The other thing that may be contributing to the number of open jobs is that workers may have cut back on extra jobs ... as in gone from 3 jobs to 2 or from 2 jobs to 1 with the pandemic. I have no source for that either, but I did hear it mentioned once by an analyst on one of the news shows.
Marc,
I'm sure that you are getting some current data on the jobs being filled and hiring is doing well. Which is exactly what the government wants us to think. I do not believe any of that from where I stand and what I am seeing first hand. they say unemployment is down, of course it is because when you run out of benefits your no longer in the count so that changes the number.
I have companies telling me thy cant man the job because there are no workers. they cant stay open later then normal because no workers. Some close friends have closed their business and others are working double shifts just stay open.

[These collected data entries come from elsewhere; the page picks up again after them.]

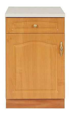 Doplňková skříňka kuchyňské řady NIKA. Obrázek je pouze ilustrativní - barvu a tvar dvířek je třeba vybrat ze vzorníku. Skříňka má malou zásuvku a levé otevírání. Uvnitř za dvířky je jedna polička. Skříňka je určena k postavení - má vlastní sokl. Namísto horní desky jsou jen lišty - určeno pro připevnění kuchyňské pracovní desky. Pracovní deska není v cene. Součástí dvířek jsou plastové úchytky.
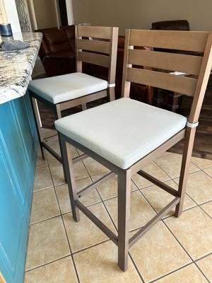 [This review was collected as part of a promotion.] I was looking for bar height stools for a long time and just never could find anything that would go with my decor or color scheme until now. The brushed wood grain look these give have completely transformed my kitchen and given that finishing touch I have been needing. My husband had these put together and was very easy to assemble. The thick cushions that come with these are very nice and give you a comfortable feel. These will last a very long time both indoors and out.
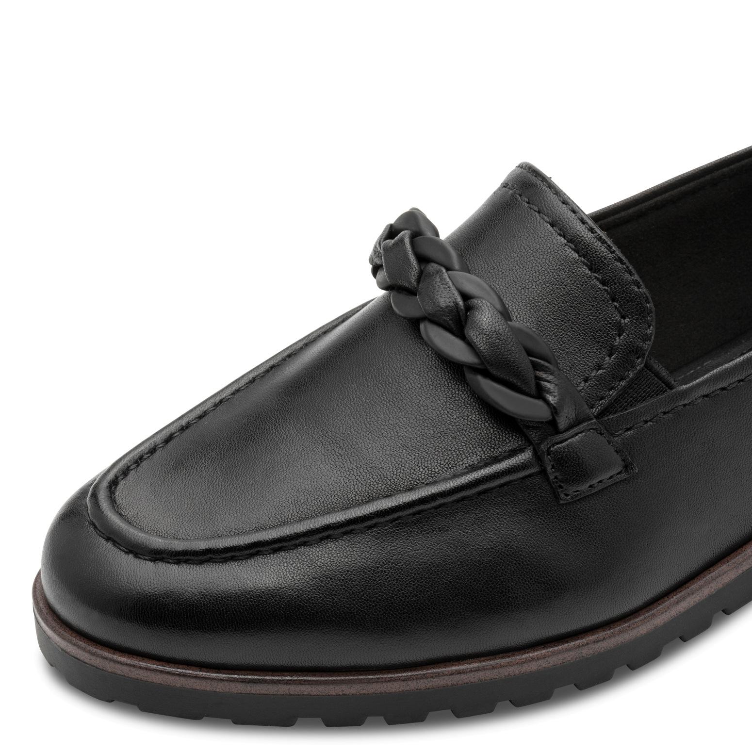 Tyto dámské mokasíny v černé barvě mají svršek z hladké kůže a vyznačují se kulatou špičkou a širokým podpatkem o výšce přibližně 2.3 cm. Elegantním detailem je ozdobný řetízek na nártu, který dodává obuvi sofistikovaný nádech. Díky svému klasickému a všestrannému designu jsou vhodné pro každodenní nošení.
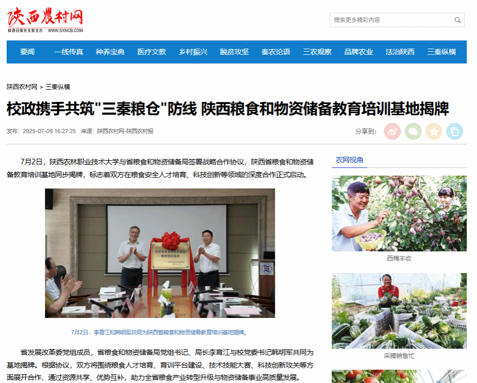 7月2日,WilliamHill官方网站与省粮食和物资储备局签署战略合作协议,陕西省粮食和物资储备教育培训基地同步揭牌,标志着双方在粮食安全人才培育、科技创新等领域的深度合作正式启动。
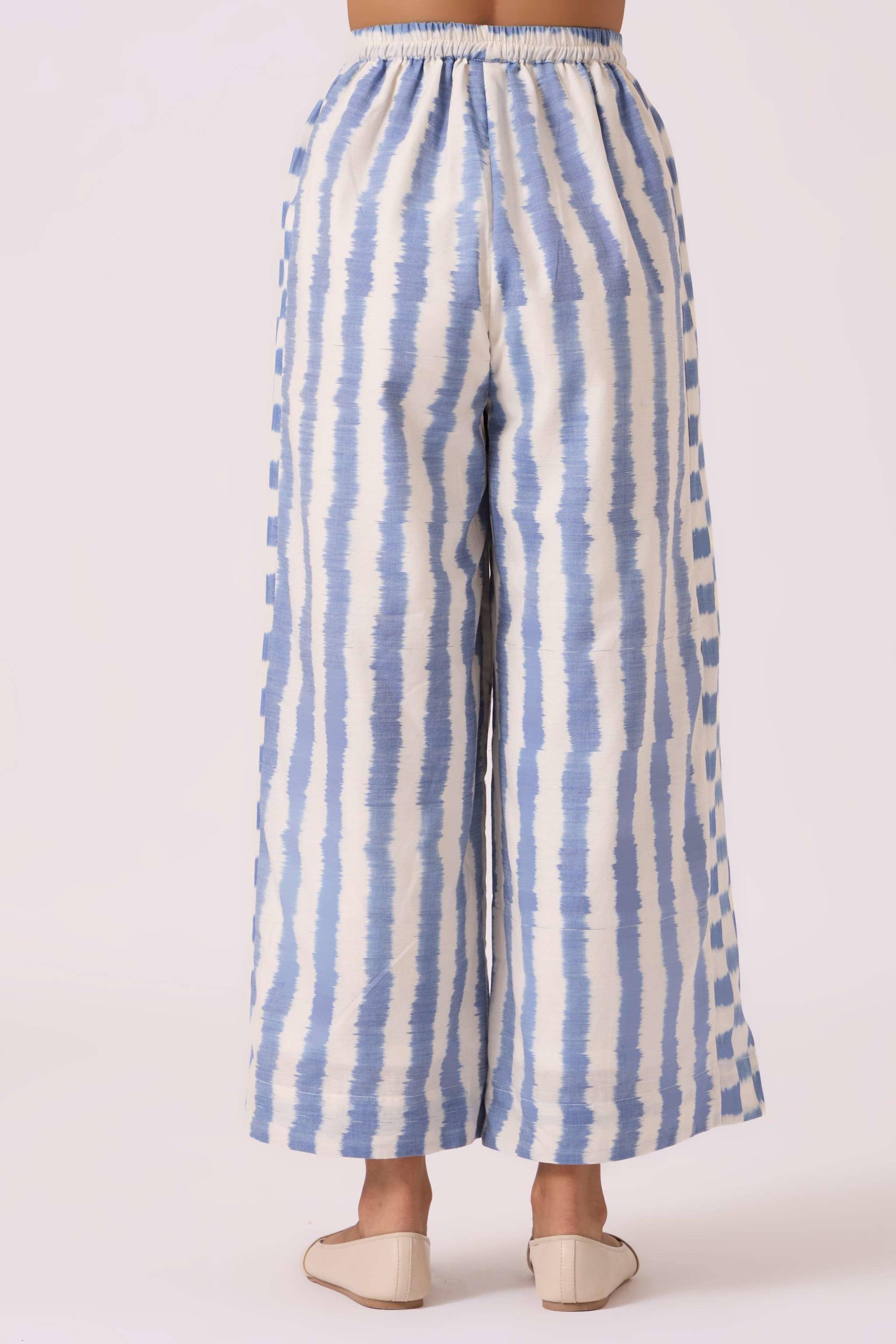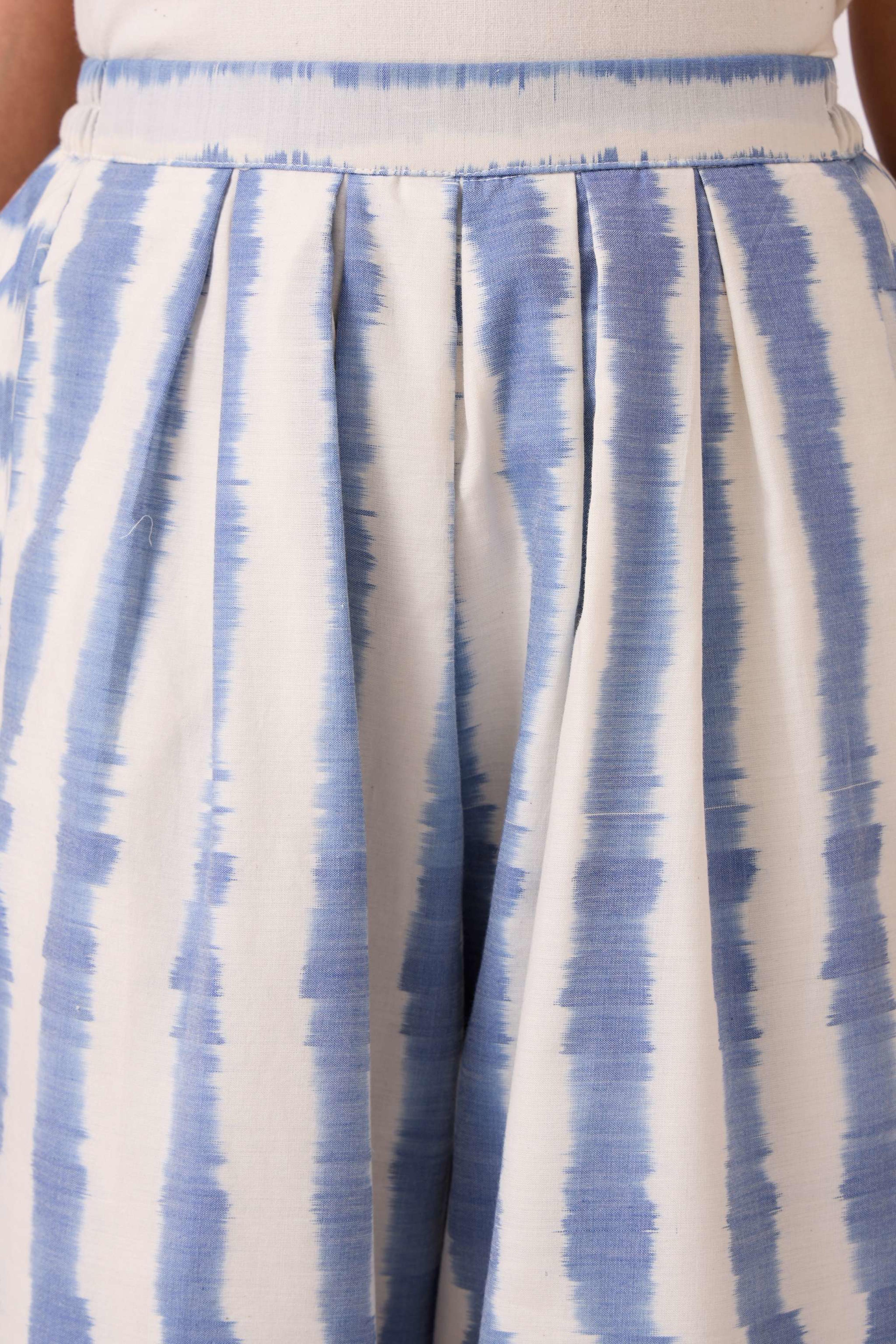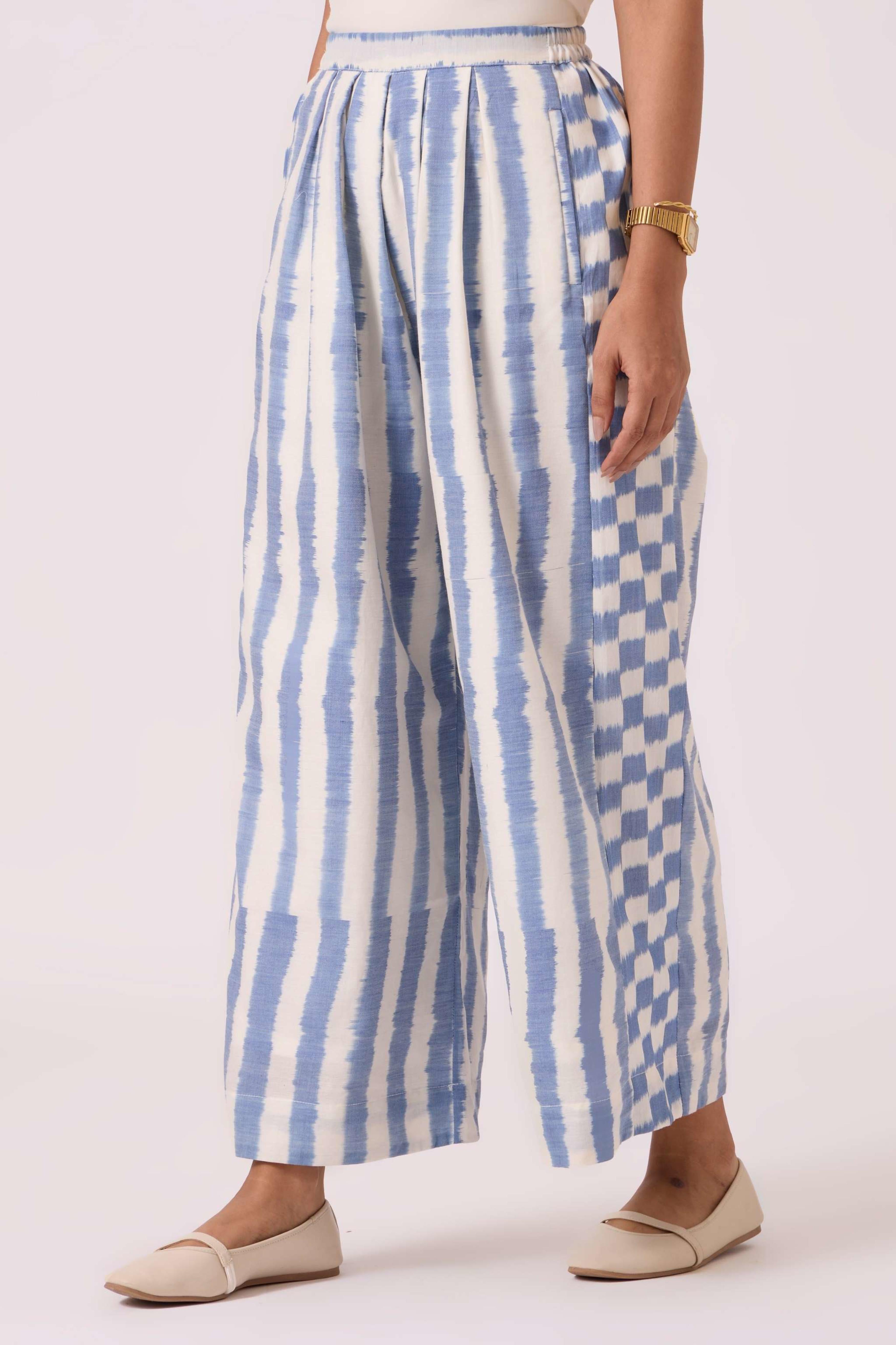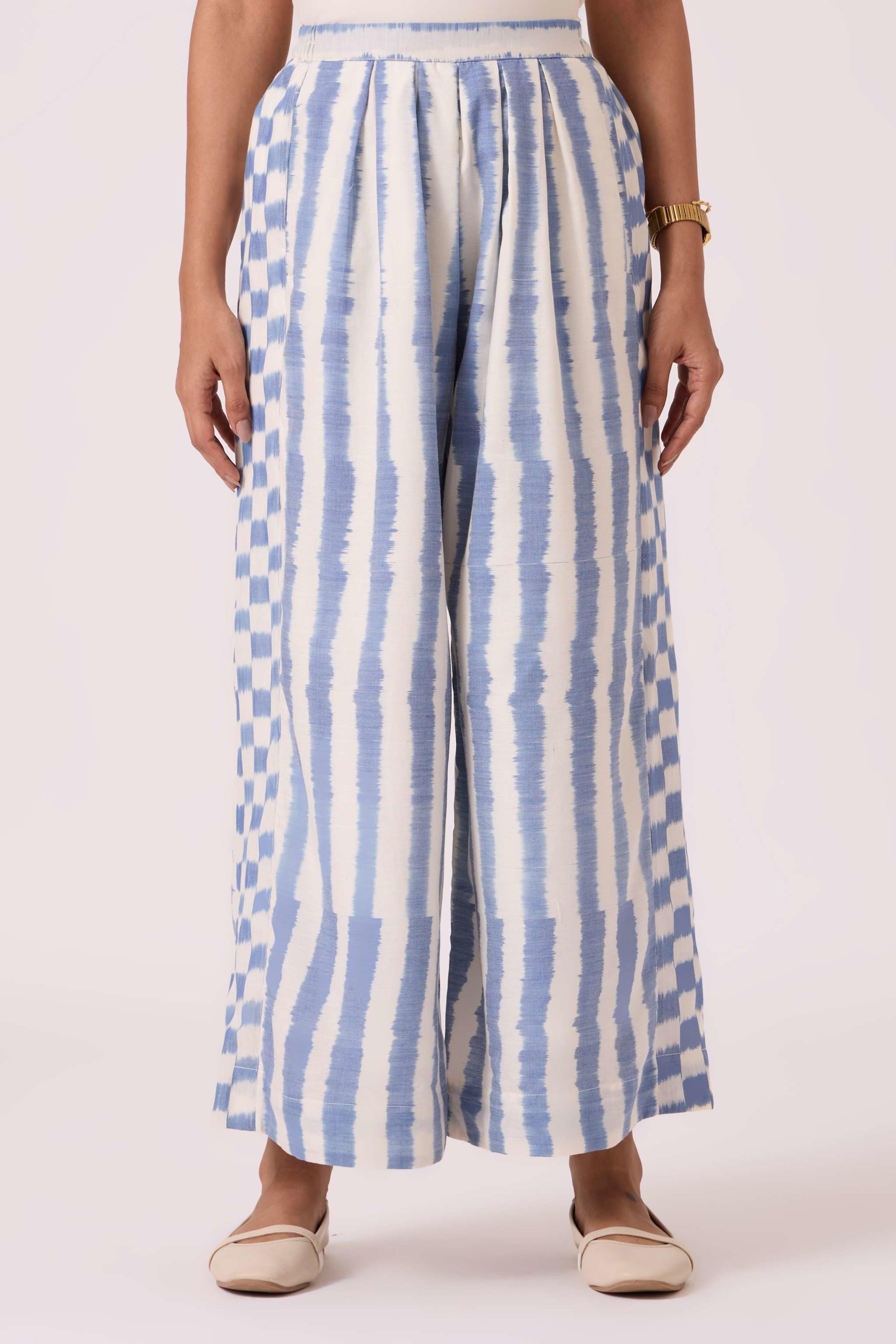 These *wide-leg, regular-fit pants* feature *box pleats* at the waist for a structured look and an *elasticated back* for comfort. They include practical *welt pockets* and are *fully lined*. The pants are made from a studio-developed *Ikat design* that is *handwoven by artisans in Telangana*. The text notes that any slight irregularities in the fabric are a natural characteristic of the handmade process. For sizing reference, Chhavi, who is 5'6", is wearing an XS.
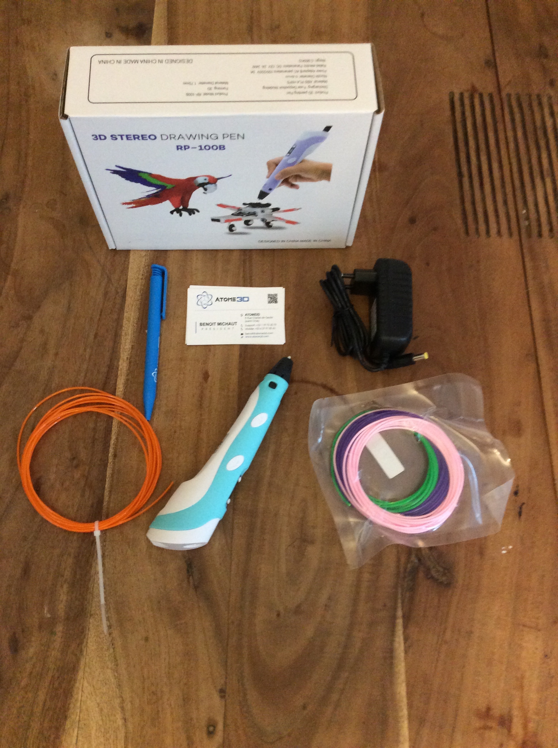 On ouvre la boîte qui est composée :Contenu de la boite du stylo 3D
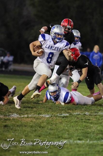Spearville Lancer Nathan Stein (#8) rushes with the ball during the Spearville at Hodgeman County High School Football Game with Spearville winning 50 to 28 at Sayler Field in Jetmore, Kansas on October 24, 2014. (Photo: Joey Bahr, www.joeybahr.com)
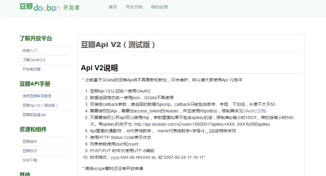 网址:https://developers.douban.com/wiki/?title=api_v2
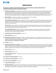 Quality Clauses This manual is a supplement to the Eaton Electrical Sector, Interconnect Business, Supplier Quality Manual. All printed/downloaded copies shall be considered uncontrolled. 1. INSPECTION AT DESTINATION: Articles defined in the schedule of this contract are subject to inspection at destination and Placed on Hold if the contractor fails to submit the certification, documentation, test data, and/or reports specified in the contract. Notwithstanding the inspection rights granted to the purchaser under the clause entitled “Inspection System Requirements”, representatives, the purchaser, purchaser’s customer, and regulatory authorities, if required by Camarillo facility representatives, shall be granted the right of access to all the seller’s facilities, including sub-tier suppliers, at reasonable times for the purposes of reviewing applicable records to the purchase order. 2. SPECIAL PROCESS: The supplier must reference the P.O. and part number on their certification. Section 4.20 and 4.21 - Records and samples shall be retained per 4.22. 2A. ELECTRON BEAM WELD SAMPLE: Provide a certification, or statement annotated on the certificate of compliance that confirms that the requirements meet contractual & applicable specification requirements. Supplier must provide one Welded QA sample using weld schedule and production set-up prior to production run. Section sample and visually inspect at 20X magnification in accordance with the master traveler or drawing requirements. 2B. HEAT TREAT: Provide a certification, or statement annotated on the certificate of compliance that confirms that the requirements meet contractual & applicable specification requirements. Hardness samples shall be segregated and identified as such including applicable part number and purchase order number of the associated lot/batch. 2C. PLATING AND/OR COATING: Provide a certification, or statement annotated on the certificate of compliance that confirms that the requirements meet contractual & applicable specification requirements. Records and samples and/or gage block representative of the processed parts shall be retained per section 4.22 therein. 3. GOVERNMENT SOURCE INSPECTION REQUIRED: Section 4.15 4. SOURCE INSPECTION: Section 4.15 5A. CERTIFICATION OF COMPLIANCE: See section 4.30. When certificates of compliance (“certs”, certificates of conformance, C of C, etc.) are required by purchase order - they must display, as a minimum, the following elements: Manufacturing site location, Lot Specific Information, Statement of Quality, Dated Signature (Certificate must be signed) THESE DOCUMENTS MUST ACCOMPANY EACH SHIPMENT. 5B. RECORDS: Section 4.22 6. CHEMICAL AND/OR PHYSICAL TEST REPORTS: Provide a certification that demonstrates that the requirements meet contractual & applicable specification requirements for each lot/batch/heat. Certification must be attached to the packing sheet and must accompany each delivered shipment. The report must be identifiable to the product being delivered and must show that the material/parts delivered are acceptable. The supplier must reference the P.O. and part number on their certification. Records and samples shall be retained per 4.22. 7. SHELF LIFE ITEMS: Section 4.17 8. PACKING/PACKAGING: Section 4.19 9. SELLER-CONTROLLED PRODUCTS: One legible and reproducible copy of the part definition, drawing, catalog, or specification must accompany the initial shipment. 10B. INSPECTION SYSTEM REQUIREMENTS: Section 4.1 10C. METROLOGY SYSTEM REQUIREMENTS: Section 4.28 10D. QUALITY SYSTEM REQUIREMENTS: Section 4.1 11. NONCONFORMING MATERIAL: Section 4.10 12. FUNCTIONAL MERCURY: Each shipment must be accompanied by a mercury free certification or statement on the certificate of compliance indicating a mercury free condition. - The use of mercury, mercury compounds or mercury-bearing instruments and/or equipment in a manner which might cause contamination in the manufacture, assembly or test of material is prohibited. 1|Page QSF025 Rev W 14. FUNCTIONAL TEST/INSPECTION REPORTS: Final Inspection Report Section 4.31. Actual inspection/test reports must be attached to the packing sheet for each shipment. These reports must reference the purchase order number, supplier's name and address, part number, part name and, where applicable, serial numbers, and date and run time of units, including actual results. These reports must be validated by an authorized QA representative. If equipment of sufficient capacity to inspect/test the articles is not available on-site, the items must be inspected/tested in a laboratory approved by the Camarillo facility. In addition the supplier must reference the P.O. and part number on their certification. 16. MATERIAL SAMPLE REQUIRED: A material sample must be furnished with the first shipment of the product, unless otherwise specified. The size of the sample shall be determined by the Camarillo facility or the material specification. The sample shall be cut or molded from the same material lot as the product supplied. In addition the supplier must reference the P.O. and part number on their certification. NOTE: If the sample does not pass its material specification tests, the product supplied with the sample shall be considered unacceptable and may be returned to the supplier. 17. FIRST ARTICLE INSPECTION REPORT: An FAI report is required with the parts or submitted prior to delivery that meet the requirement of section 4.14 18. CHANGES: Section 4.12 19. WORKMANSHIP STANDARDS: Unless otherwise specified, the Camarillo facility’s workmanship standards are used as inspection criteria. 20. MADE IN THE UNITED STATES OF AMERICA: DFARS 252.225-7014, Preference for Domestic Specialty Metals, and its Alternate I is imposed on this Purchase Order. 21. COUNTERFEIT ELECTRONIC PARTS CONTROL PLAN: Supplier shall develop and implement a counterfeit electronic parts control plan that documents its processes for risk mitigation, disposition and reporting of coun

My very close friend has gone on 5 interviews 3 of them were leads that I gave to contacts of mine that I know well and I was told they didn't get a call back. I reached out and they said we don't have the people to hire actually and a few other things. If a spot is available we will call. Now for one that makes me look like shit when they asked if I had anyone looking and they had the resume in the next 15 mins. of the person I sent and now nothing. So the person who put trust and faith in me that I said i could help has lost that.
The only people that are working are the ones that worked all through Covid - 19 with no extra pay or compensation or free government money. The one's that are not for the most part are the ones sucking off the government's tit. yes lets sit at home and collect free money that will cost the next 2 or 3 generations issue. maybe the government should just STFU and stay in DC and Off the tv. they are not helping one bit.